The shopper had assumed she could rush out to the major chain on Thanksgiving to grab a few last-minute items. But for the first time, the store’s doors were shut, with the chain explaining in press statements that it was responding to employee needs.

Corporate leaders whose businesses have long been open during the holidays are taking—or considering—some unprecedented steps this year. But it’s a difficult balance indeed, with the pressure to accommodate workers’ personal lives going head-to-head with business-world economics.

A surprising number of major chains closed stores on Thanksgiving Day this year, some for the first time. It’s an acknowledgment of the so-called purpose movement of the past few years, but it’s also a potential threat to profits. “It’s very hard for executives to navigate,” says Sharon Egilinsky, a partner in the Organizational Strategy and Business Sustainability practices at Korn Ferry.

The holiday season is go-time for many industries, particularly food and retail, as well as for companies whose fiscal years end December 31. At Starbucks, for example, holiday gift cards alone provide the chain with 10% of its annual revenue—and December 23rd is the biggest day of the year for gift-card sales. At Barnes & Noble, a third of annual business occurs during the last six weeks of the year, with the week leading up to Christmas Day racking up sales twenty times higher than average. Candymakers, too, depend heavily on the holidays, whose numbers far exceed those of Halloween, Easter and Valentine’s Day.

Yet many employees simply don’t want to work on or around Thanksgiving, Christmas, or New Year’s, and some are refusing to come in.
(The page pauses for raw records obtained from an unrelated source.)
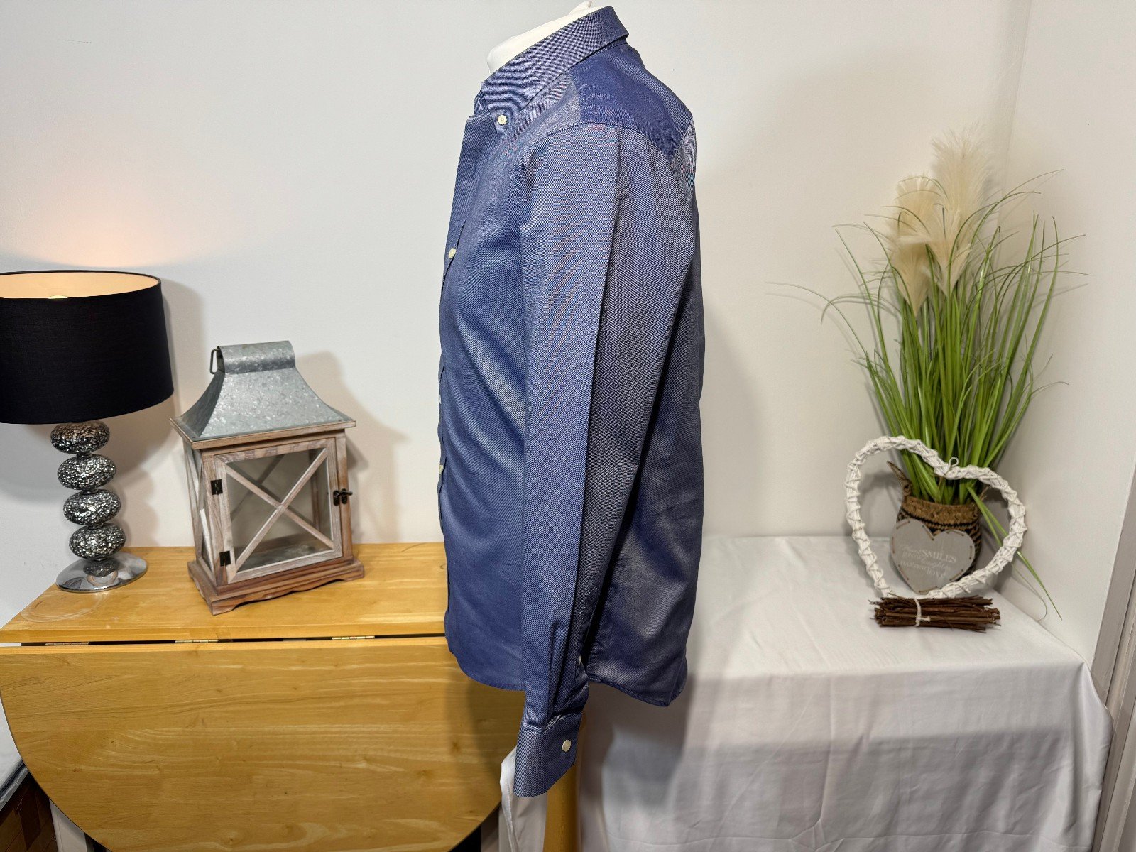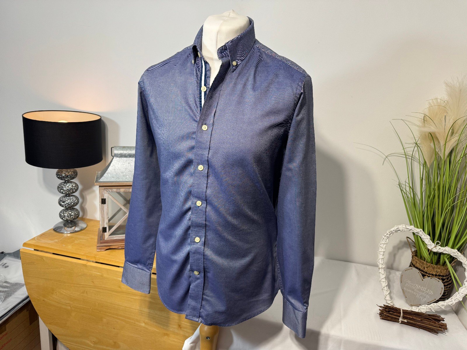 PIT-PIT 22IN. LENGTH 30INThe Saville Row Blue Slim Fit Woven Long Sleeve Shirt in size M is a stylish and sophisticated dress shirt designed for men. Made from cotton, this shirt features a solid blue colour with a collared neckline and button closure. The slim fit and slimming features make it a flattering and modern choice for formal occasions. The long sleeves and button accents add a touch of elegance to this high-quality garment from the respected brand Savile Row. Easy to care for with machine washable instructions, this shirt is a must-have for any man’s wardrobe.R9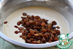 Вмешать в тесто промытый и обсушенный мелкий изюм.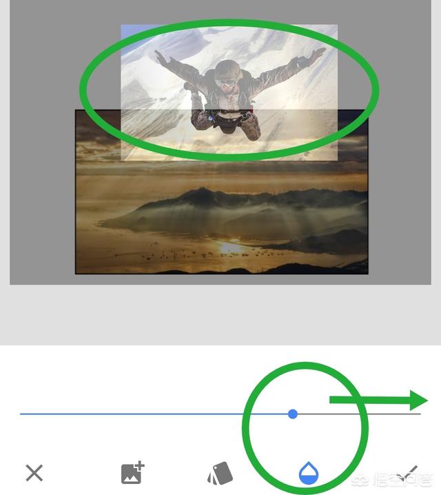 5、把人像照片移动到上方边缘部分,让人像的一部分在相框内,一部分在相框外,改变为比例合适的大小。调整好之后,点击水滴,把水滴圆点拽到最右端,让后添加的人像照片变成不透明就对了。点击右下角保存此步。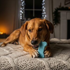 I use dog-safe options like frozen peanut butter treats or dental chews.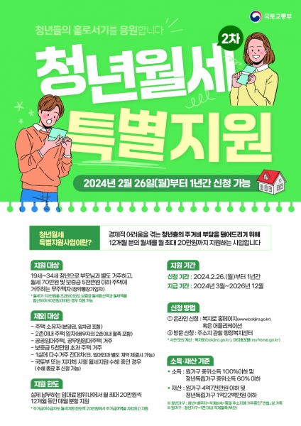 이 사업은 고금리·고물가 등 경제여건 악화로 어려움을 겪는 청년층의 주거비 부담 경감을 위해 정부가 한시적으로 추진한다.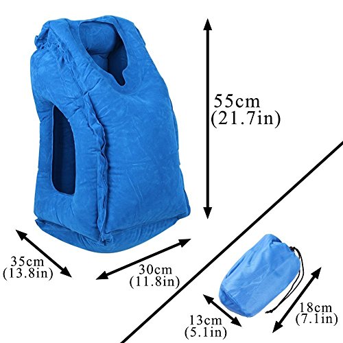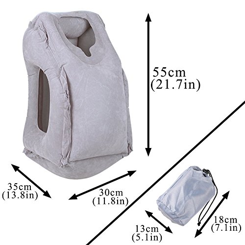 -. Feature : FULL BODY SUPPORT TRAVEL PILLOW - Newest and multi-function. It is a great inflatable indoor/outdoor pillow which provide face, head, neck and hands support while sleeping in planes, trains, buses, subways and cars. / LIGHTWEIGHT & SUITABLE SIZE - Very light, only about 10 oz. The folded size is very small. Easy to store in a backpack, suitcase, or carry on bag. / QUICK AND EASY TO INFLATE - No pump needed, inflates by mouth in about 15 seconds to a comfortable multi-functional travel pillow. / MULTIFUNCTION PILLOW - Provide versatile rest position: hold as sleeping pillow in front, support your torso in front or on the side. Enjoy your resting time by choosing your ideal sleeping position.

The large companies that decided to close on Thanksgiving this year did, however, devise a strategy—beginning their Black Friday and Cyber Monday sales long before those days and extending them long afterward, and likely pocketing the same sales figures across the week. “They enjoy the shine of not bringing employees in on a holiday—and still make sales for the period,” says Alma Derricks, senior client partner in the Culture, Change, and Communications practice at Korn Ferry. This strategy can be particularly appealing, she says, for box stores looking to avoid tussles on Black Friday morning, which are known to generate bad press.

Experts note that behind the scenes, companies that appear to be closed on the holidays are likely still heavily staffed, with tech departments fully operational. “Stores may be closed, but the people making Cyber Monday happen are full on,” says corporate strategy expert Anu Gupta, senior client partner at Korn Ferry.

There is one pocket where leaders have more leverage on this issue: in businesses that are struggling, particularly those, like legacy big-box stores, whose employees fear their jobs might disappear. Managers in those stores have little difficulty rounding up customer-facing staff for the holidays. “Those teams are not as focused on work-life balance—they just want to keep their jobs,” says Egilinsky.